Clofarabine Pre-allogeneic Stem Cell Transplant for Non-remission AML

Study Description
Brief Summary:
The Investigators would like to study the incidence of complete remission (CR) at day +30 after Clofarabine followed by haploidentical transplant. The conditioning regimen used is Fludarabine, Busulfan (2 doses) and Total Body Irradiation (TBI) with post transplant cyclophosphamide for patients with Acute Myeloid Leukemia (AML) who are not in remission prior to considering allogeneic transplant with haploidentical donors.

Condition or disease Intervention/treatment Phase
Acute Myeloid Leukemia Drug: Clofarabine Drug: Fludarabine Drug: Busulfan Procedure: Total Body Irradiation (TBI) Drug: Cyclophosphamide Drug: Granulocyte Colony-Stimulating Factor Drug: Tacrolimus Drug: Cellcept Phase 2

Detailed Description:

Approximately 30-40% of patients with acute myeloid leukemia (AML) experience induction failures. In these patients who do not achieve remission with two cycles of standard induction therapies, the probability of achieving remission with subsequent inductions is limited. Hematopoietic stem cell transplantation (HSCT) is the only curative option for these patients, but high relapse rate and transplant-related mortality often preclude them to proceed to transplant. Thus, AML not in remission at time of HSCT remains a huge unmet need in current HSCT practice, particularly if the patient does not have a Human Leukocyte Antigen (HLA)-matched donor identified by the time of two induction failures.

Salvage chemotherapy with clofarabine appears to be another promising option in relapsed and refractory AML. Clofarabine is a second-generation purine nucleoside analog with substantial single-agent activity in adult patients with AML. It is an effective immunosuppressive agent and several trials have shown the feasibility of conditioning with clofarabine-based regimen.

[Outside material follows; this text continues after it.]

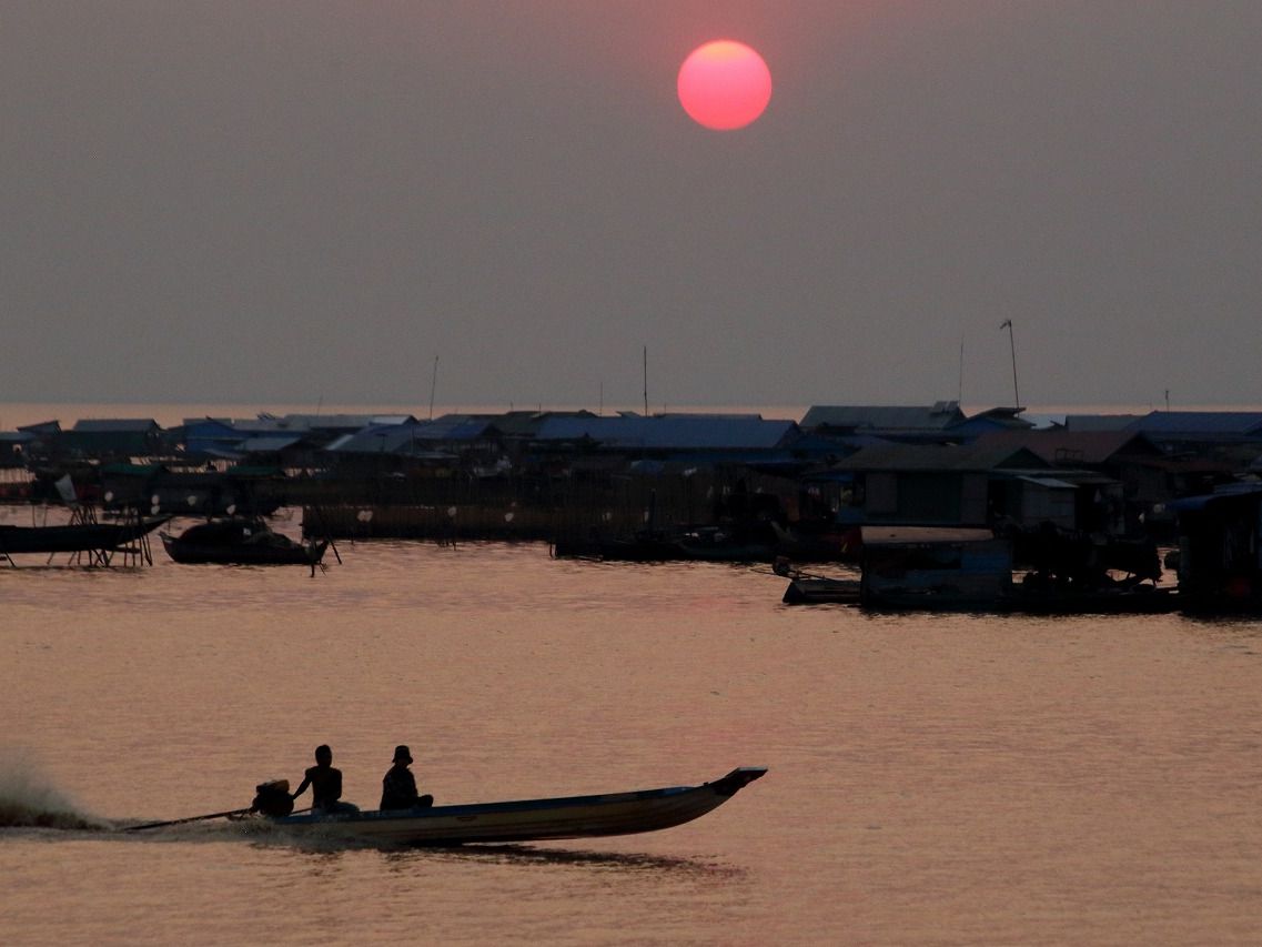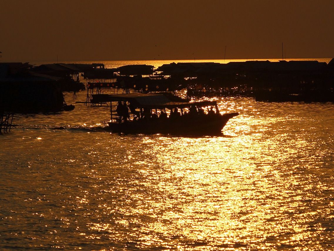トンレサップ湖での夕日のお写真、大変素晴らしいですね。
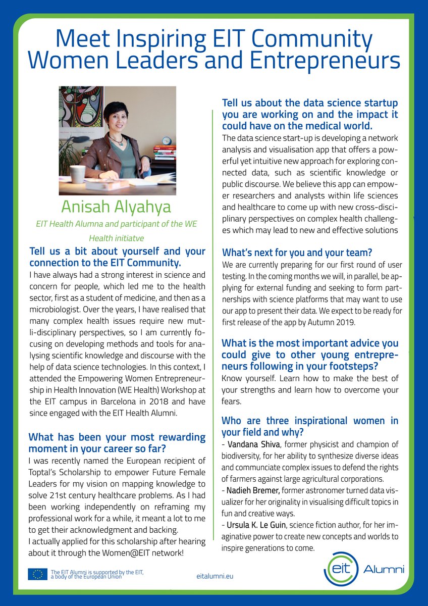 Anisah is an @EITHealthAlumni of the@WEHealthEIT She was awarded the@toptal scholarship for female leaders in Europe! Read her full interview here: http://bit.ly/2HLAo5Kn pic.twitter.com/LOyfUpRsAV

In the past, a conditioning regimen of clofarabine with busulfan (4 doses) has been successfully used prior to allogeneic stem cell transplantation for non-remission AML with day +30 complete remission rates were 90-100%. However, these patients were transplanted with HLA matched donors. This study will examine those patients undergoing haploidentical transplantation.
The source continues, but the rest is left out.